My introduction to cactus fruit occurred many years ago while vacationing in Israel, when we spent a few days in a tourist cottage in the village of Amirim. Amirim was organized on the principles of vegetarianism and the only request made of the vacationers renting guest cottages was that no meat products could be prepared using the utensils provided by the village.

The cottages were single-family units; each was carefully landscaped with a variety of plants, including mature Opuntia specimens standing over five feet tall. My general policy around spiny plants is extreme caution. However, Opuntia did not strike me as especially problematic, particularly since you could see your supermarket fruit growing atop many of the plants. It was, unfortunately, exactly analogous to expecting real Panda bears to be cuddly just like our childhood Teddy Bears.

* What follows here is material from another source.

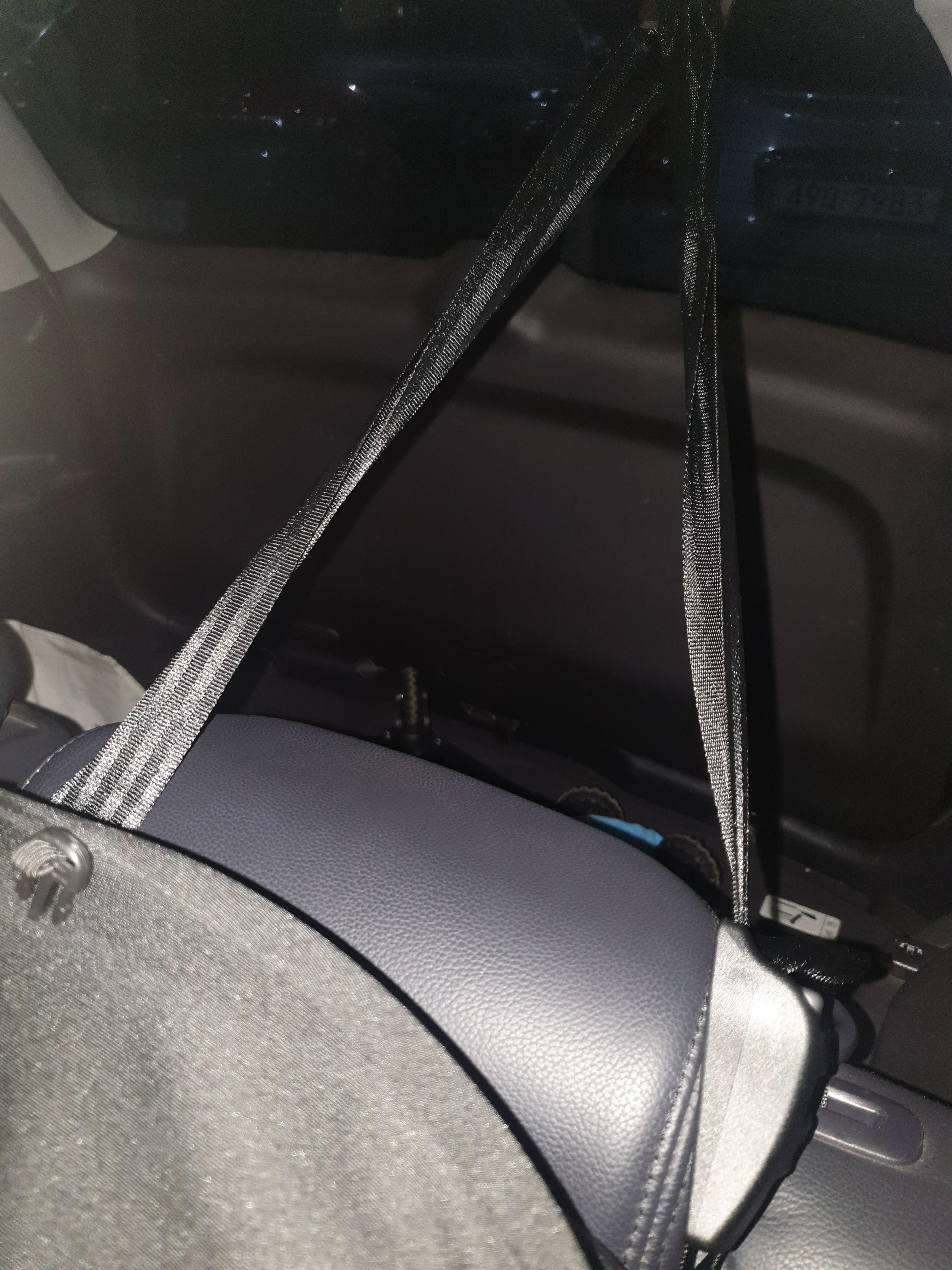 탑 테더까지 장착한 모습. SUV 차량이라 상단에 고리 부분에 걸어놓았는데, 현재는 그냥 뒷좌석 헤드 쪽에 고정시켜 놓았다. 탑 테더는 차량 충돌 충격 시 카시트가 앞으로 튀어나가는 것을 방지함과 더불어 카시트와 차량 시트의 유역을 최소화여 상하좌우 흔들림을 막아준다.

As it happens, I was outside as another guest, standing in the driveway, was directing the driver of a car backing into the driveway. As the car rolled back, the man stepped back —right into a large Opuntia. He yelped and jumped forward and I assumed that except for a few painful pricks, he would be just fine. 

What a foolish assumption! While Opuntia do have spines, they are not very long. The real menace, however, comes from the Opuntia’s small hair-like structures called glochids. They grow in tufts and there are numerous glochids in each tuft. To think of them simply as little hairs is to do them a terrible injustice. It would be similar to calling a poison ivy rash just a skin inflammation! Glochids break off and lodge in the skin, and cause an unbearable irritation. They are so fine that it can take days to pull them out manually, assuming you can actually see them. At moments like these, nearsightedness is a serious advantage.

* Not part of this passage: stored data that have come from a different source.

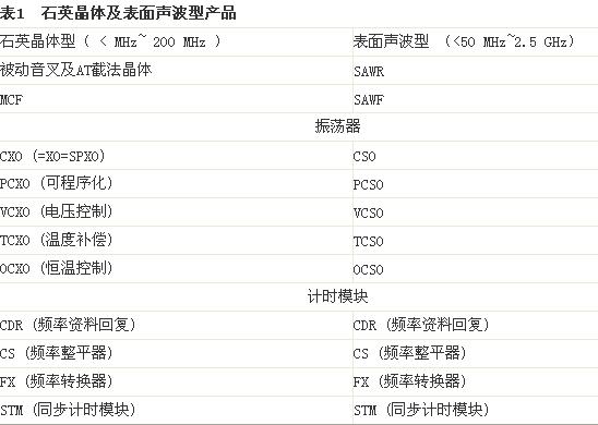 因為有線及無線市場的快速成長,石英晶體及其高頻所需的表面聲波(SAW)裝置已受到廣泛運用,范圍從電子玩具所使用的簡單被動石英晶體,到最精密電信網絡骨干頻率所使用的復雜同步計時模塊(STM)(表1)。如前篇文章所述,從2000~2001年的「.COM」市場瓦解之后,對于石英晶體及石英振蕩器的需求,以每年4~10%之間穩定增加。而頻率控制產品的產業大環境,也經歷巨大的變化。
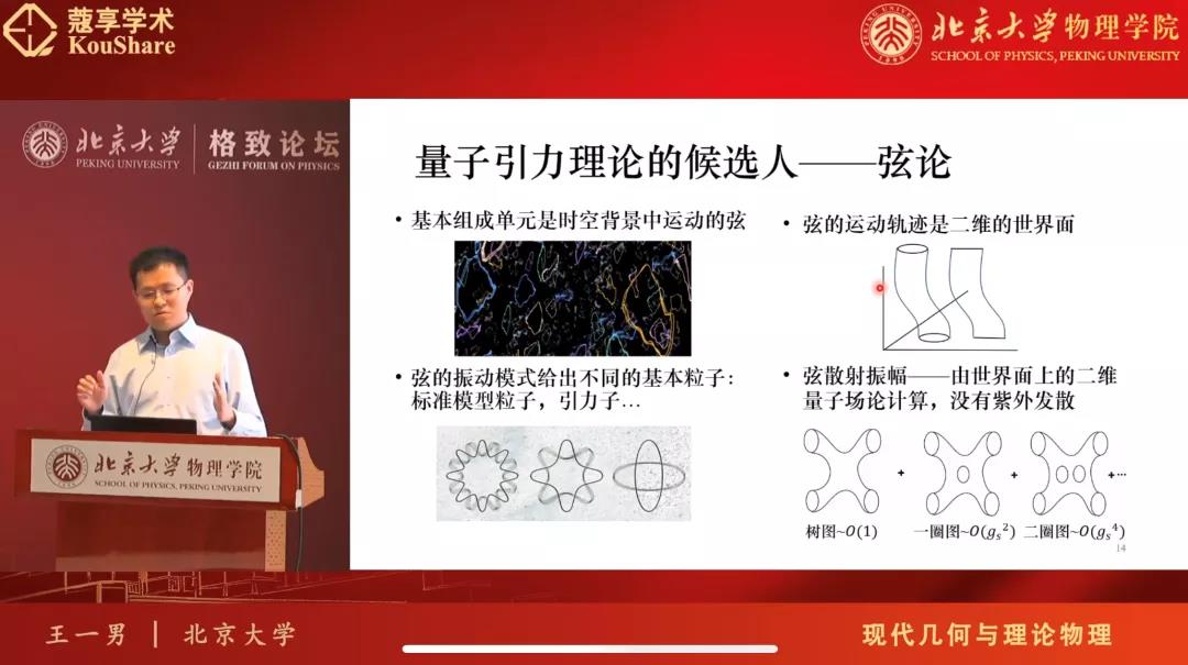 王一男在报告的第一部分“理论物理发展简史”,从牛顿力学中的欧氏几何展开,延伸到狭义相对论中的闵氏时空和广义相对论中的黎曼几何,深入浅出地讲述了物理学中时空观念的演进过程;接着,他简述了量子力学概念,介绍了引力在量子化中遇到的困难,并以此为切入点引出弦论,展示了弦论中所涉及的代数几何、量子几何和弦论与现代前沿数学之间的紧密关系。然后,他围绕“弦论是什么”这一问题,在报告的第二部分重点阐述了弦论在量子引力和量子场论两方面的应用、目前所面临的挑战,并介绍了自己在弦论中寻找最大数量真空解、几何构造超对称量子场论方面的相关研究工作。最后,他对弦论领域做了前景展望。
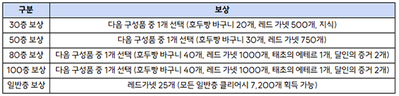 - 보상은 총 30단계로 구성되어 있으며, 정해진 기간동안 미션 달성 시 보상을 획득할 수 있습니다.

Seeing the agony of this man, I was curious as to how the fruit could be safely gathered. There are a few simple rules. The fruit is never picked on a windy day. The workers always wear heavy gloves and the fruit is rolled thoroughly in the dirt after picking to remove the glochids.

For many years, I have been volunteering in a public garden where one of the collection rooms is devoted entirely to cacti and succulents. Both categories are plants that are primarily adapted to warm climates with dry conditions. Cacti, with one exception, are New World plants while succulents can be found growing on almost every continent. The distinguishing characteristic of a cactus is a small, round cushion-like structure called areoles. It is from these areoles that the spines, branches glochids and even flowers grow. However, not all cacti have glochids.

I had never been particularly interested in cacti or succulents. However, I have a good friend who restricted herself to growing them as houseplants because she travels and these plants do well without watering for several weeks. As I became more familiar with them, I began to admire their shapes and varied growth habits. Their most remarkable aspect is the fabulous flowers many of them produce, as if to make up for the structural toughness displayed the balance of the year.

Recently I was grooming  — weeding — the collection in the succulent house. In the second row, there was a small Opuntia with the most gorgeous, fuzzy new growth of cinnamon-colored areoles. Knowing better, I certainly did not intend to touch it with my bare hands. However, as I reached across it to pick a plant in the row behind it, I felt something prickling. I looked down and the back of my hand looked as if it had been dipped in cinnamon. Fortunately, with a pair of small tweezers used for grooming, I was able to pluck out most of them in less than an hour. It was suggested to me later that I might also try some form of sticky tape to pull off those glochids en masse in the event of a future encounter.

Plants are the basis for all animal life, but they have evolved numerous strategies to protect themselves. They continue to fascinate those who love them.